#### Entries shown:

=== Section Start ===

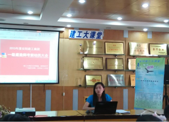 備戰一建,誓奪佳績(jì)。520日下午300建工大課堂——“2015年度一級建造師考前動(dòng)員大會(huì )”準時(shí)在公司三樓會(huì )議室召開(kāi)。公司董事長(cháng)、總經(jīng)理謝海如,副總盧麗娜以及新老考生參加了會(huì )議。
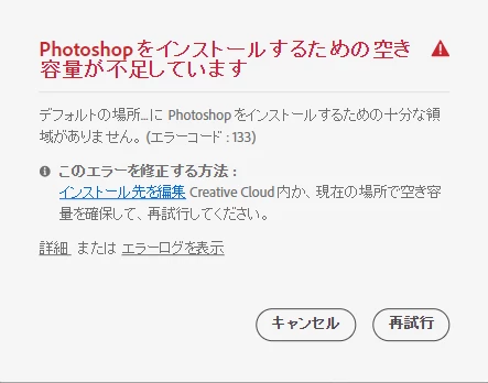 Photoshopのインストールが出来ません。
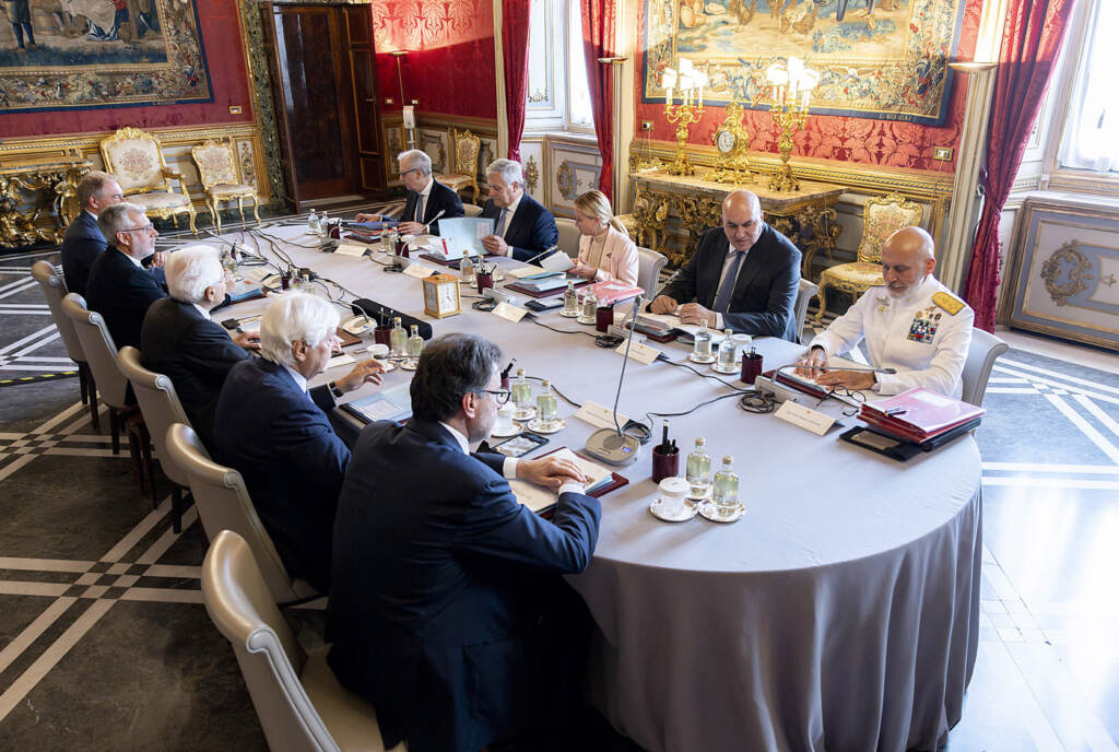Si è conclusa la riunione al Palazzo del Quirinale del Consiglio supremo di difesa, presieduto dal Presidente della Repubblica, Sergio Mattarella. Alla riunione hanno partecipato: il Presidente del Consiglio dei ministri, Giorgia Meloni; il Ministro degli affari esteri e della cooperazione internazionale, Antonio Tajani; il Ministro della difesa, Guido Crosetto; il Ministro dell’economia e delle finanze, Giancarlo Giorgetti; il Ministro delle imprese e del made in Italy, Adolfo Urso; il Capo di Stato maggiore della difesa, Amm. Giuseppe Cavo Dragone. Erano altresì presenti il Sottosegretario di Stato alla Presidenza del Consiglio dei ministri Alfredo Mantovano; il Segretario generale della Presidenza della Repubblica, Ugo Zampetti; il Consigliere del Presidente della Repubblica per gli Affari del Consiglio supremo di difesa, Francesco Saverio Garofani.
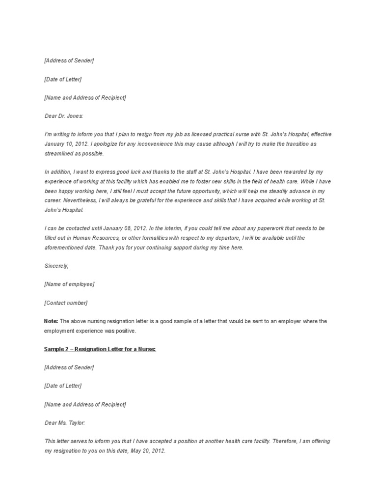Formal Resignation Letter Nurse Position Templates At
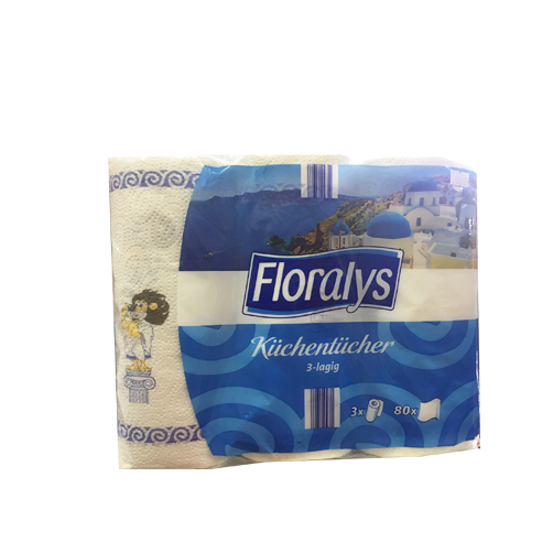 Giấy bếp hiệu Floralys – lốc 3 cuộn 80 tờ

=== Section End ===
=== Section Start ===

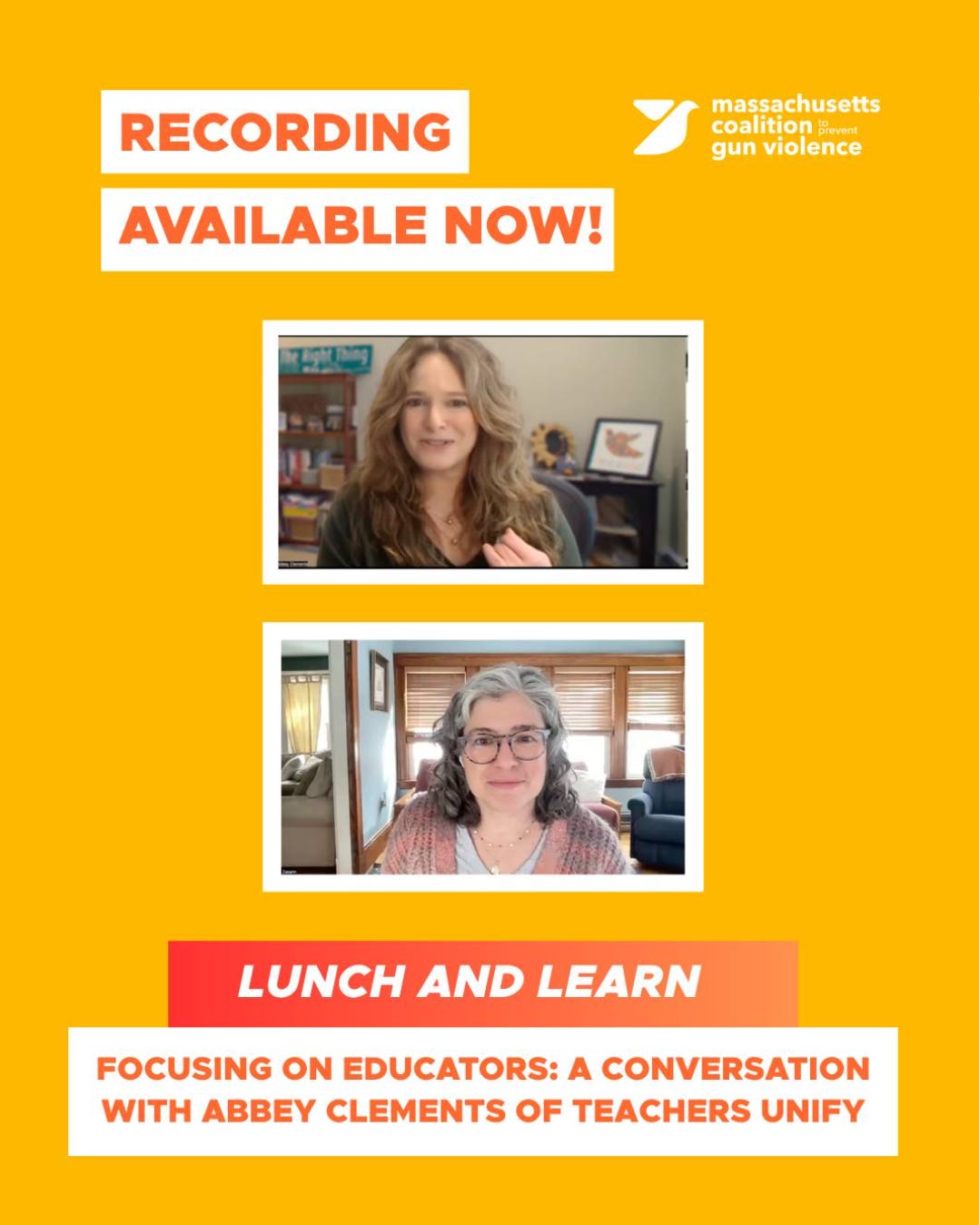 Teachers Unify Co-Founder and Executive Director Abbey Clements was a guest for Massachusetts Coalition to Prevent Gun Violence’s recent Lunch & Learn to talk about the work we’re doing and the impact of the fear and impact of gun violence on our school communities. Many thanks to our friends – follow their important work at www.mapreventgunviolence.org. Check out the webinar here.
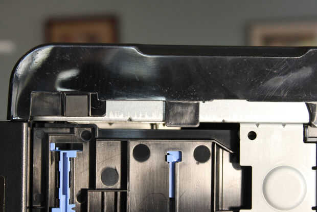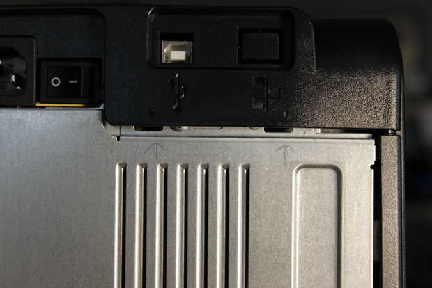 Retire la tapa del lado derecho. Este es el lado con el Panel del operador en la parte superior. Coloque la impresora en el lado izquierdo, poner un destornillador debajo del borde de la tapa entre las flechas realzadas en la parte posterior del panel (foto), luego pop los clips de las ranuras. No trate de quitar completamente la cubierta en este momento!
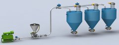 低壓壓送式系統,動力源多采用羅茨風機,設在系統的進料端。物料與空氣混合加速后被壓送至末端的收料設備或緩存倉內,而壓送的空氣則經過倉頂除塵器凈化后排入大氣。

=== Section End ===

#### Task statement:
What you return must match the lines above from the one with "Photoshopのインストールが出来ません。" through the one with "Giấy bếp hiệu Floralys – lốc 3 cuộn 80 tờ" exactly, with both ends included and the pictures excluded.

#### Expected answer:
 Photoshopのインストールが出来ません。
Si è conclusa la riunione al Palazzo del Quirinale del Consiglio supremo di difesa, presieduto dal Presidente della Repubblica, Sergio Mattarella. Alla riunione hanno partecipato: il Presidente del Consiglio dei ministri, Giorgia Meloni; il Ministro degli affari esteri e della cooperazione internazionale, Antonio Tajani; il Ministro della difesa, Guido Crosetto; il Ministro dell’economia e delle finanze, Giancarlo Giorgetti; il Ministro delle imprese e del made in Italy, Adolfo Urso; il Capo di Stato maggiore della difesa, Amm. Giuseppe Cavo Dragone. Erano altresì presenti il Sottosegretario di Stato alla Presidenza del Consiglio dei ministri Alfredo Mantovano; il Segretario generale della Presidenza della Repubblica, Ugo Zampetti; il Consigliere del Presidente della Repubblica per gli Affari del Consiglio supremo di difesa, Francesco Saverio Garofani.
Formal Resignation Letter Nurse Position Templates At
 Giấy bếp hiệu Floralys – lốc 3 cuộn 80 tờ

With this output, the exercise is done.